Volocopter’s successful test flight last year showed the unlimited possibilities of air travel. We discussed the brand’s foundation, the issues it faces and its future plans for creating urban air travel systems.

Founded in 2011, Volocopter has developed the world’s first all-electric autonomous multi-rotor aircraft using drone technology and, using this, aims to provide point-to-point in-air electric mobility services in urban areas. Today, the company is gaining valuable experience in VTOL (vertical takeoff and landing) technology, and after its successful public manned flight in the Gulf of Singapore last year has begun laying the groundwork for its future commercialization.

We sat down with Mr Jan-Hendrik Boelens, the CTO of Volocopter, to talk about the future of air travel and how the brand is taking future mobility to the next level.


What was the inspiration to start developing air taxis?

Our co-founder, Stephan Wolf, first came into contact with drones in 2010 when he bought one for his son.
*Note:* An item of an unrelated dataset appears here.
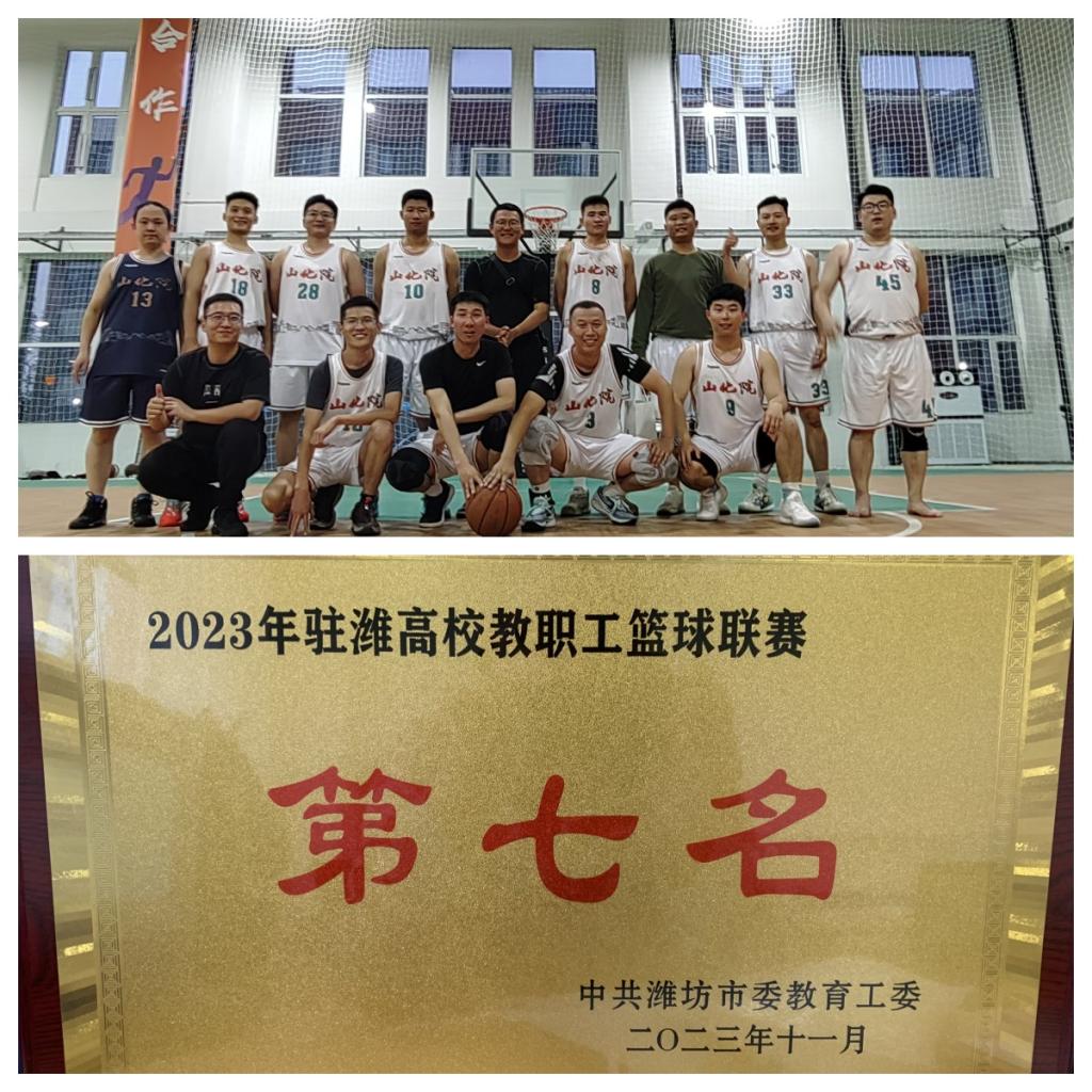 近日,由潍坊市教育工委主办,潍坊职业学院协办的2023年驻潍高校教职工篮球联赛圆满结束。本次联赛共有16支驻潍高校代表队参赛,比赛历时近一个月,经过激烈角逐,我校代表队最终荣获第七名。
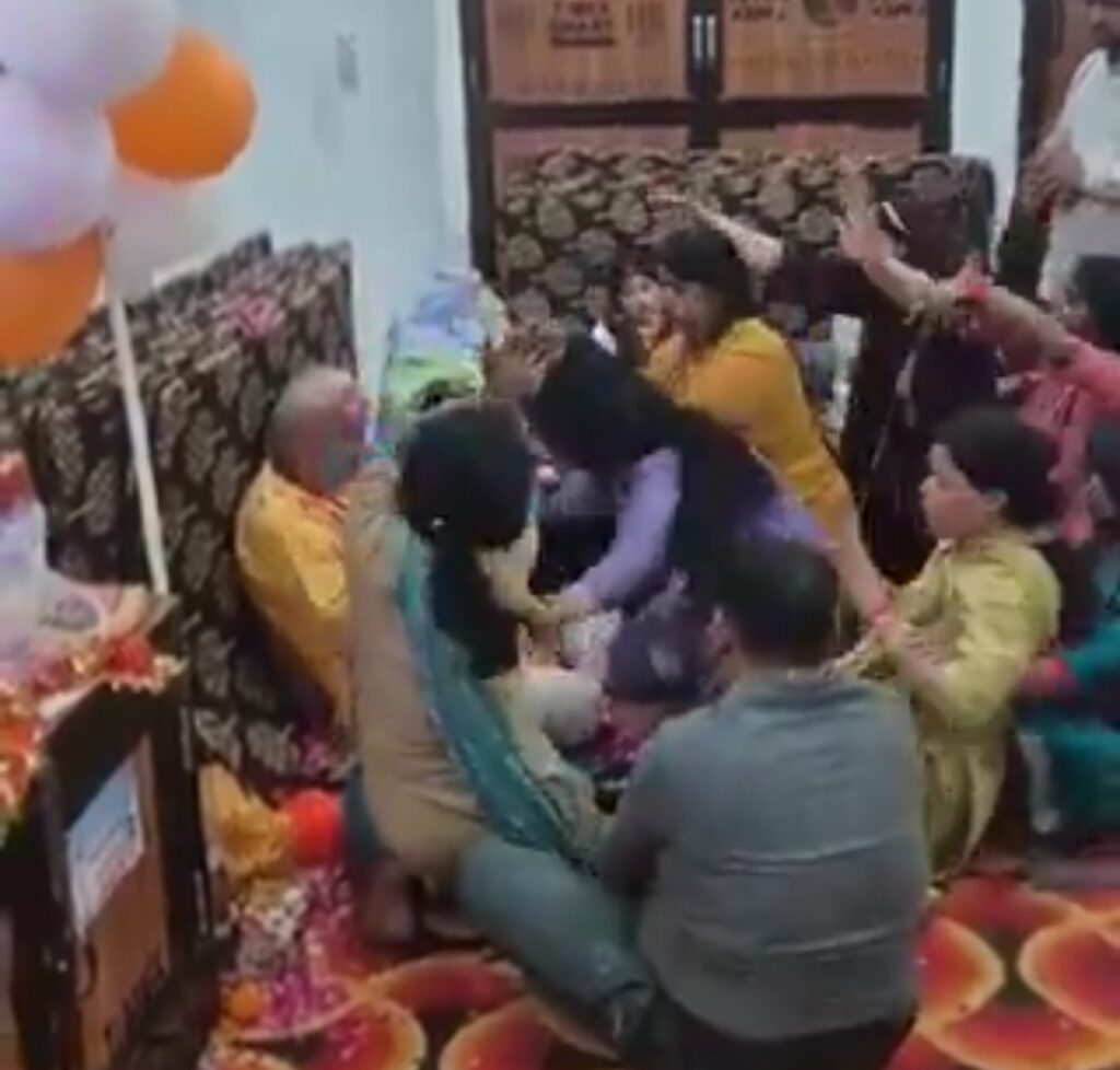 అందరూ చుట్టూ చేరి నాగిని డ్యాన్స్ వేస్తూ వీడిని ఆనందింప చేస్తే.. ఆశీర్వదిస్తాడంటా…

He was amazed at how easy it was to fly this technology and got curious – if it was scaled up to a size and remained as easy and stable, that humans could fly with it. After a few months of calculations, he was convinced that it was possible and found partners to help make the first proof of concept. Once proven that the technology was indeed feasible, the Volocopter founders quickly came up with hundreds of possible applications for this new kind of aircraft – adding a completely new means of mobility to cities and bringing Urban Air Mobility to life, is what we continue to focus on.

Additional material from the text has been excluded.